● Work instruction:
Could the records below be restated word for word, without a single picture?

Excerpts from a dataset

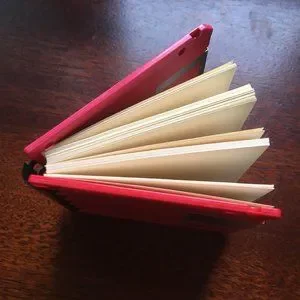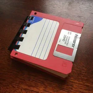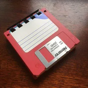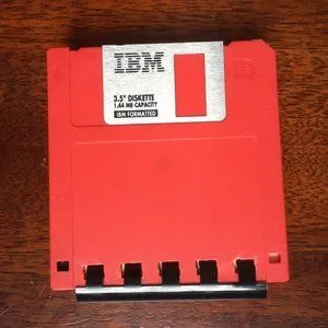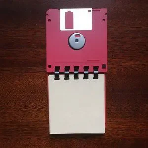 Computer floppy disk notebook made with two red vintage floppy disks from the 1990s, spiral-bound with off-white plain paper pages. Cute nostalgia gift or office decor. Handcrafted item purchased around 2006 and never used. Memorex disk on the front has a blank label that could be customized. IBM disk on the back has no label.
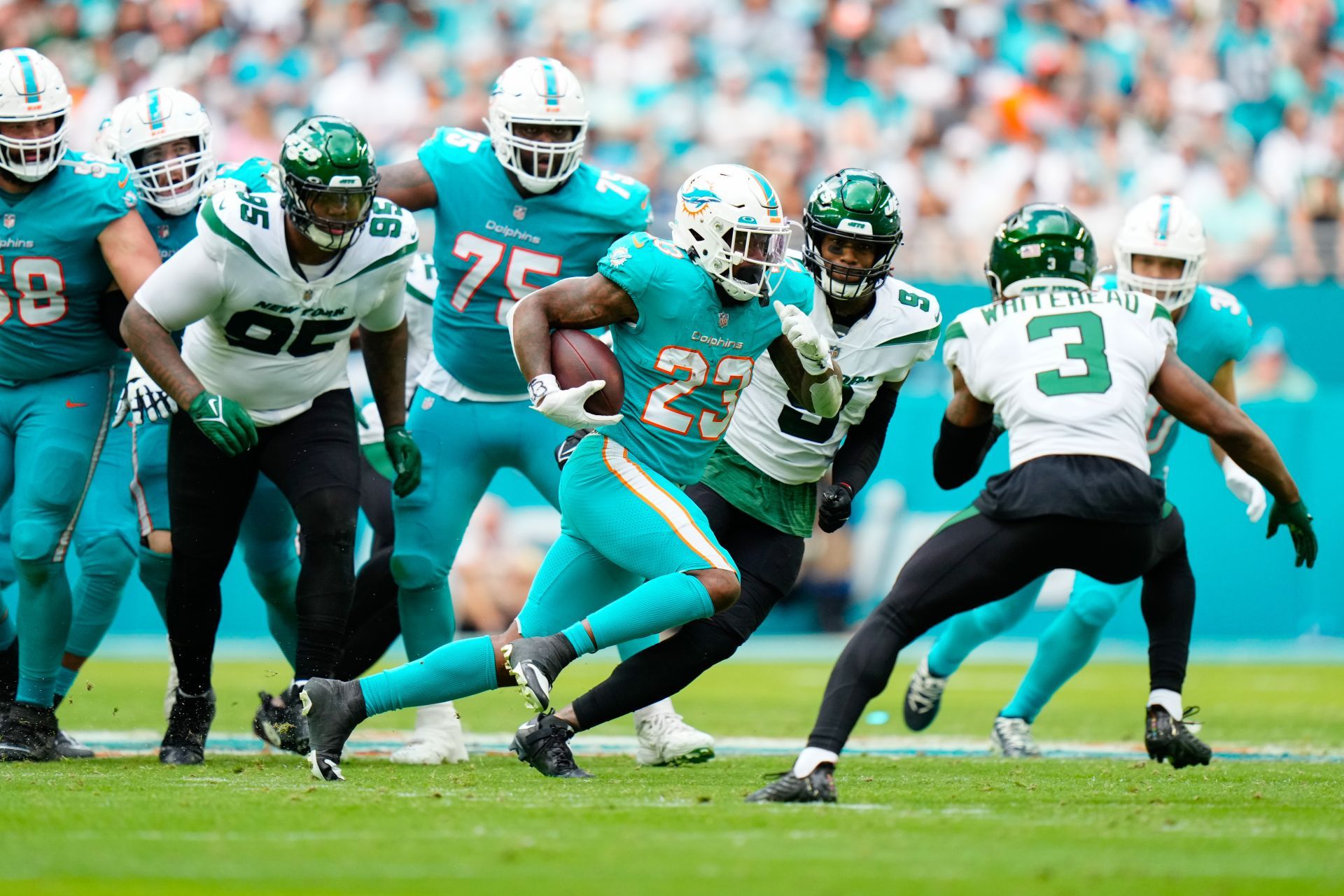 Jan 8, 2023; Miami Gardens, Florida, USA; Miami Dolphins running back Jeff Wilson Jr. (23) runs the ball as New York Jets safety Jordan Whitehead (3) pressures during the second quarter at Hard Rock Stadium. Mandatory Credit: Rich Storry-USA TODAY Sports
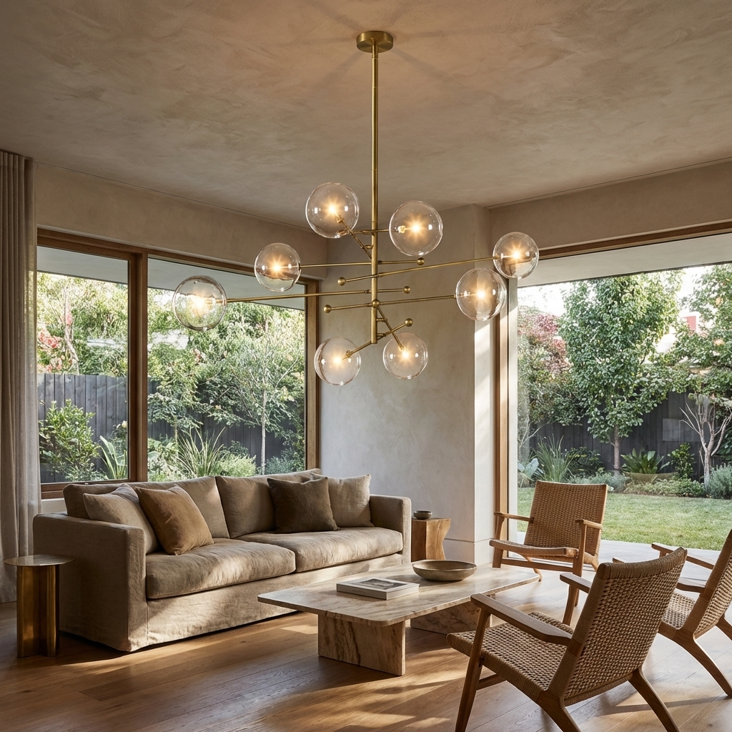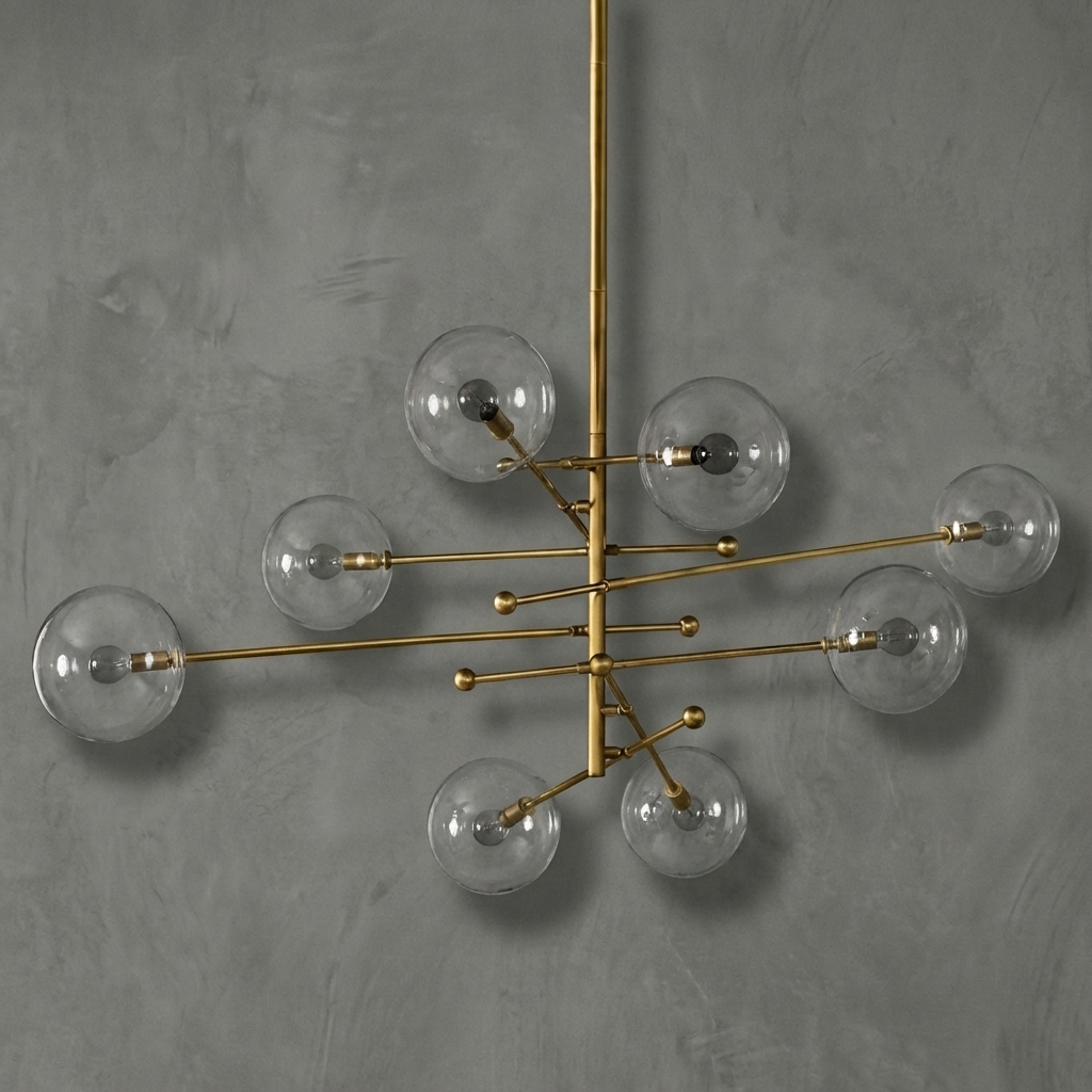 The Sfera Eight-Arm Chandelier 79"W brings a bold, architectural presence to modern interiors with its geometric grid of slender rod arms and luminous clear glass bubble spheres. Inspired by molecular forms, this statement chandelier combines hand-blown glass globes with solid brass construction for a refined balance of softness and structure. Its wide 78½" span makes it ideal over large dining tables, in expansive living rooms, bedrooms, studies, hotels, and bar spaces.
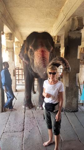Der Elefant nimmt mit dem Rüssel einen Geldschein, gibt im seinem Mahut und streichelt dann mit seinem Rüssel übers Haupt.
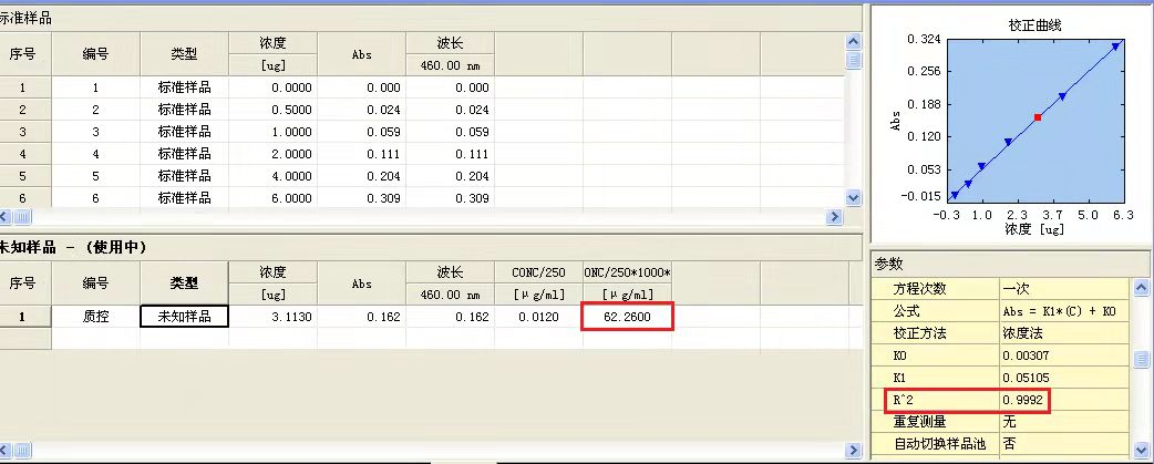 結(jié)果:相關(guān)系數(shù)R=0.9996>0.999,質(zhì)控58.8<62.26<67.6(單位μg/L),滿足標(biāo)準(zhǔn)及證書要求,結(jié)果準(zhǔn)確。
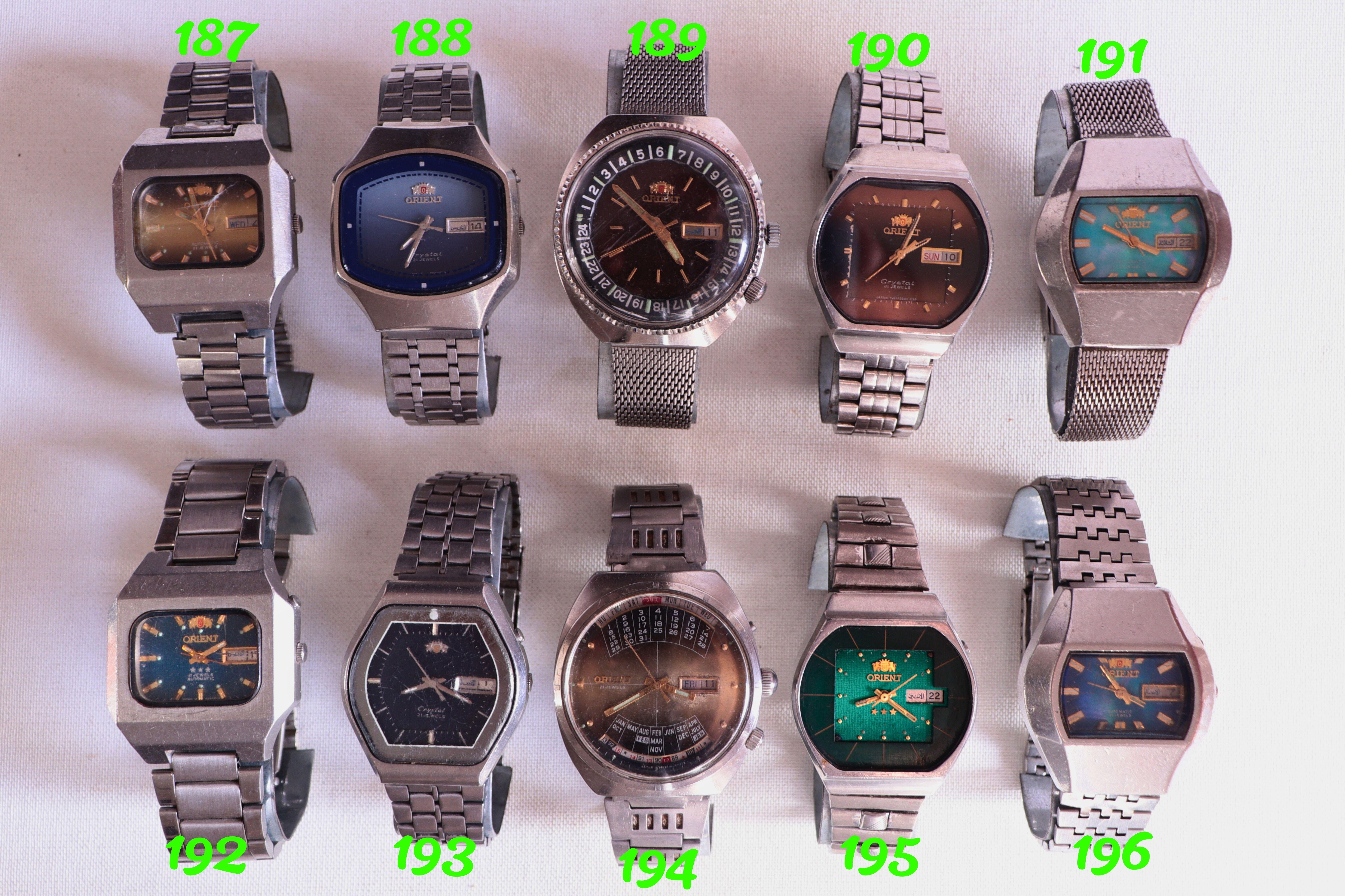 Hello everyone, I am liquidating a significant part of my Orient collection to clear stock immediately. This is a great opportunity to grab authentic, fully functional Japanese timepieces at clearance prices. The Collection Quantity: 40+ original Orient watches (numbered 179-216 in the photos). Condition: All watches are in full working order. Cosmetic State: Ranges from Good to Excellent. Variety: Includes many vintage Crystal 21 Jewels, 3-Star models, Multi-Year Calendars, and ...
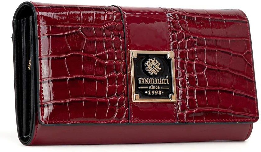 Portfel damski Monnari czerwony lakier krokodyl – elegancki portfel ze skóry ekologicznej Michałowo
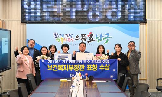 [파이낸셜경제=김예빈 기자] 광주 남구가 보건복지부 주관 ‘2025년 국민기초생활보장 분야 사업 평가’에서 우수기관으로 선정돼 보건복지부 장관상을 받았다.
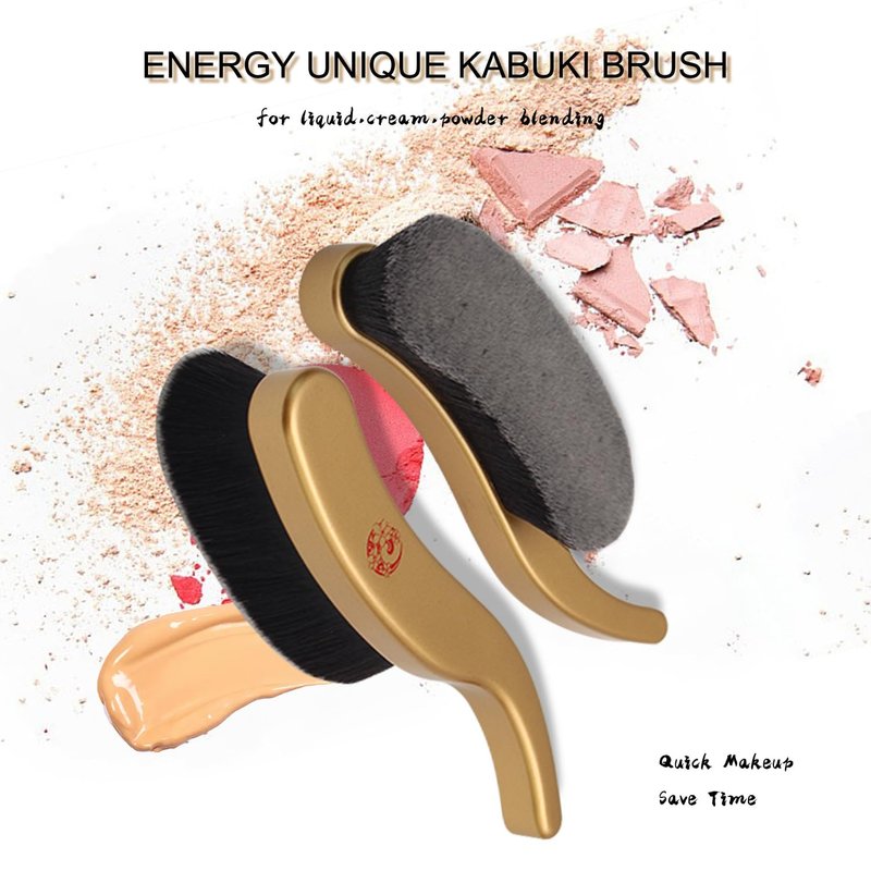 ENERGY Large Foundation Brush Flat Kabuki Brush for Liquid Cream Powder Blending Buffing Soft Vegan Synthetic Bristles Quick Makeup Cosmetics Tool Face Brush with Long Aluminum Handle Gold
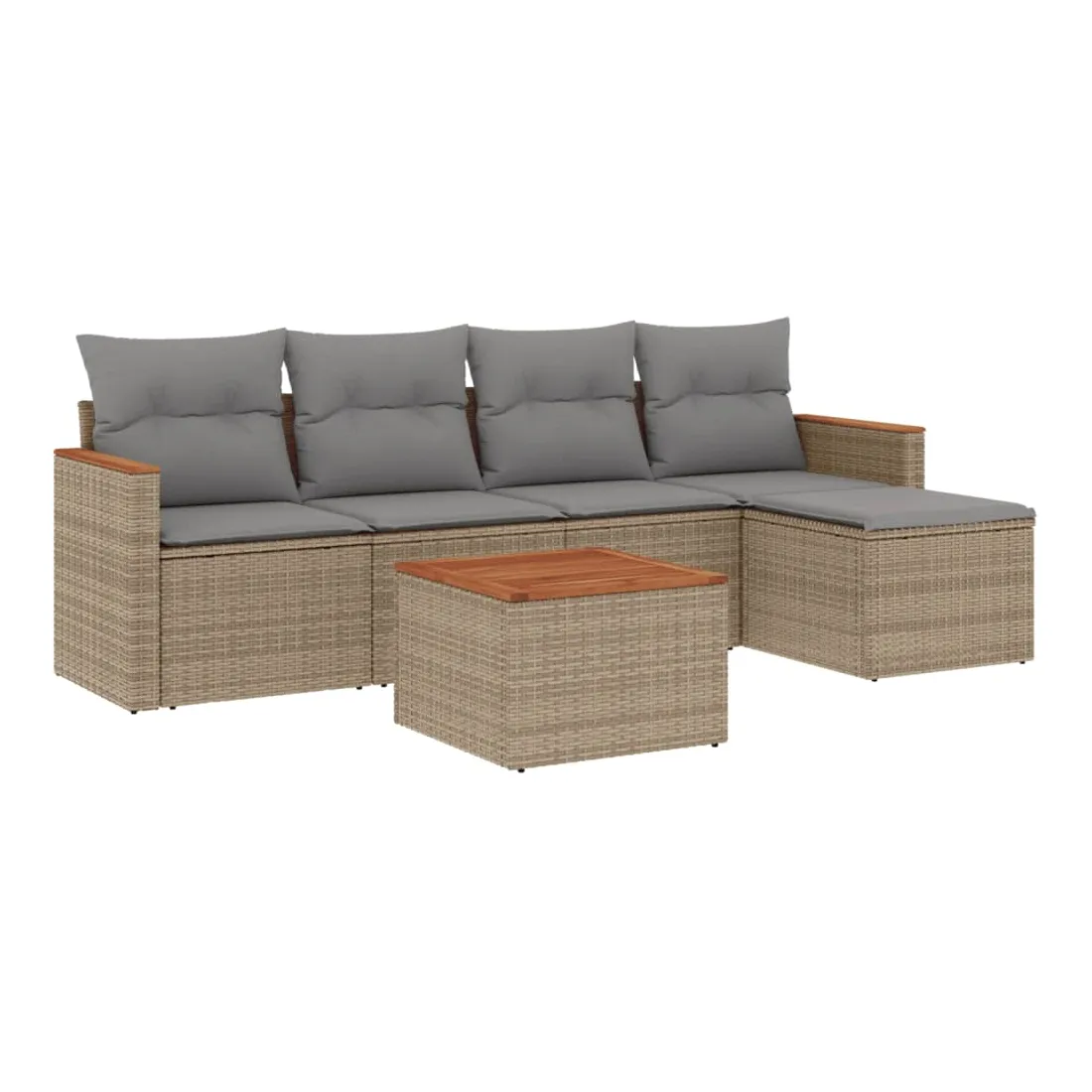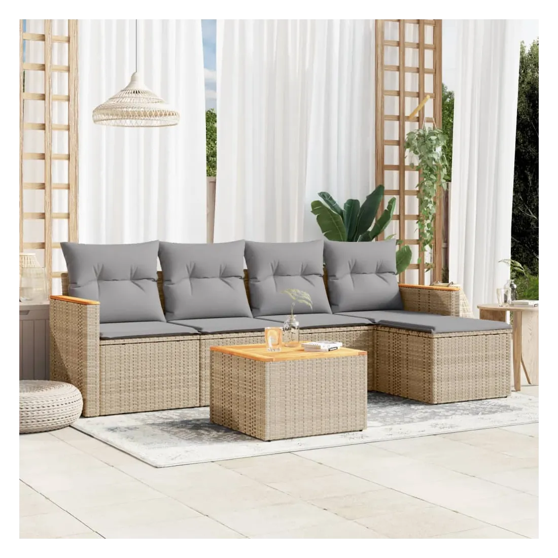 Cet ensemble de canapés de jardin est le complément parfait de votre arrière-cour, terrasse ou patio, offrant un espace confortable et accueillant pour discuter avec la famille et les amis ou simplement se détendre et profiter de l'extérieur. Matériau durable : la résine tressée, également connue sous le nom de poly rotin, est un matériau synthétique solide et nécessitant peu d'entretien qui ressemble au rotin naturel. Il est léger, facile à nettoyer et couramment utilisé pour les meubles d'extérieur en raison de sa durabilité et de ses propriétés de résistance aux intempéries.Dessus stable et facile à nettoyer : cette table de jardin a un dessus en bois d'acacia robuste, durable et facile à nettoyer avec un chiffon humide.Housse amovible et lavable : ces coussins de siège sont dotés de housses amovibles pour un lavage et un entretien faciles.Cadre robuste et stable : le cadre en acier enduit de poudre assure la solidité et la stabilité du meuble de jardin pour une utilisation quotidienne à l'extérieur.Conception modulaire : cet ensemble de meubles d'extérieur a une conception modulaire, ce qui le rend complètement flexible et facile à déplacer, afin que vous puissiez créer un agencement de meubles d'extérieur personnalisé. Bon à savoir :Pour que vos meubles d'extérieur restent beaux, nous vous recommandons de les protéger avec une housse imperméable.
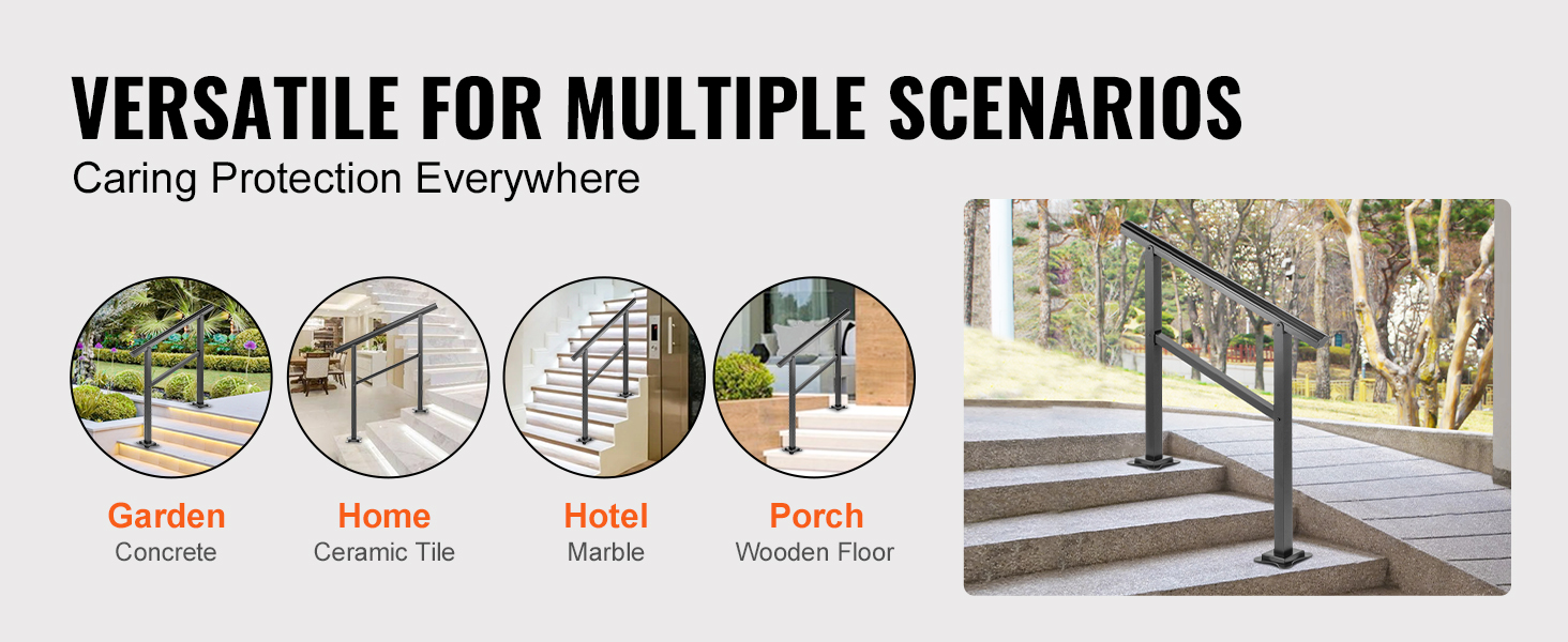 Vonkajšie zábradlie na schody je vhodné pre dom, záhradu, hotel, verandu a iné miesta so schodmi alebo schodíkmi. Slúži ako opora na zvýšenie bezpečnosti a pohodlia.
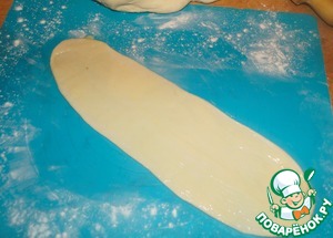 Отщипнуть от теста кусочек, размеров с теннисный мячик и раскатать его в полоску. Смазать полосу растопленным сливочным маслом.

● Written solution:
 Computer floppy disk notebook made with two red vintage floppy disks from the 1990s, spiral-bound with off-white plain paper pages. Cute nostalgia gift or office decor. Handcrafted item purchased around 2006 and never used. Memorex disk on the front has a blank label that could be customized. IBM disk on the back has no label.
 Jan 8, 2023; Miami Gardens, Florida, USA; Miami Dolphins running back Jeff Wilson Jr. (23) runs the ball as New York Jets safety Jordan Whitehead (3) pressures during the second quarter at Hard Rock Stadium. Mandatory Credit: Rich Storry-USA TODAY Sports
 The Sfera Eight-Arm Chandelier 79"W brings a bold, architectural presence to modern interiors with its geometric grid of slender rod arms and luminous clear glass bubble spheres. Inspired by molecular forms, this statement chandelier combines hand-blown glass globes with solid brass construction for a refined balance of softness and structure. Its wide 78½" span makes it ideal over large dining tables, in expansive living rooms, bedrooms, studies, hotels, and bar spaces.
Der Elefant nimmt mit dem Rüssel einen Geldschein, gibt im seinem Mahut und streichelt dann mit seinem Rüssel übers Haupt.
 結(jié)果:相關(guān)系數(shù)R=0.9996>0.999,質(zhì)控58.8<62.26<67.6(單位μg/L),滿足標(biāo)準(zhǔn)及證書要求,結(jié)果準(zhǔn)確。
 Hello everyone, I am liquidating a significant part of my Orient collection to clear stock immediately. This is a great opportunity to grab authentic, fully functional Japanese timepieces at clearance prices. The Collection Quantity: 40+ original Orient watches (numbered 179-216 in the photos). Condition: All watches are in full working order. Cosmetic State: Ranges from Good to Excellent. Variety: Includes many vintage Crystal 21 Jewels, 3-Star models, Multi-Year Calendars, and ...
 Portfel damski Monnari czerwony lakier krokodyl – elegancki portfel ze skóry ekologicznej Michałowo
 [파이낸셜경제=김예빈 기자] 광주 남구가 보건복지부 주관 ‘2025년 국민기초생활보장 분야 사업 평가’에서 우수기관으로 선정돼 보건복지부 장관상을 받았다.
 ENERGY Large Foundation Brush Flat Kabuki Brush for Liquid Cream Powder Blending Buffing Soft Vegan Synthetic Bristles Quick Makeup Cosmetics Tool Face Brush with Long Aluminum Handle Gold
 Cet ensemble de canapés de jardin est le complément parfait de votre arrière-cour, terrasse ou patio, offrant un espace confortable et accueillant pour discuter avec la famille et les amis ou simplement se détendre et profiter de l'extérieur. Matériau durable : la résine tressée, également connue sous le nom de poly rotin, est un matériau synthétique solide et nécessitant peu d'entretien qui ressemble au rotin naturel. Il est léger, facile à nettoyer et couramment utilisé pour les meubles d'extérieur en raison de sa durabilité et de ses propriétés de résistance aux intempéries.Dessus stable et facile à nettoyer : cette table de jardin a un dessus en bois d'acacia robuste, durable et facile à nettoyer avec un chiffon humide.Housse amovible et lavable : ces coussins de siège sont dotés de housses amovibles pour un lavage et un entretien faciles.Cadre robuste et stable : le cadre en acier enduit de poudre assure la solidité et la stabilité du meuble de jardin pour une utilisation quotidienne à l'extérieur.Conception modulaire : cet ensemble de meubles d'extérieur a une conception modulaire, ce qui le rend complètement flexible et facile à déplacer, afin que vous puissiez créer un agencement de meubles d'extérieur personnalisé. Bon à savoir :Pour que vos meubles d'extérieur restent beaux, nous vous recommandons de les protéger avec une housse imperméable.
 Vonkajšie zábradlie na schody je vhodné pre dom, záhradu, hotel, verandu a iné miesta so schodmi alebo schodíkmi. Slúži ako opora na zvýšenie bezpečnosti a pohodlia.
 Отщипнуть от теста кусочек, размеров с теннисный мячик и раскатать его в полоску. Смазать полосу растопленным сливочным маслом.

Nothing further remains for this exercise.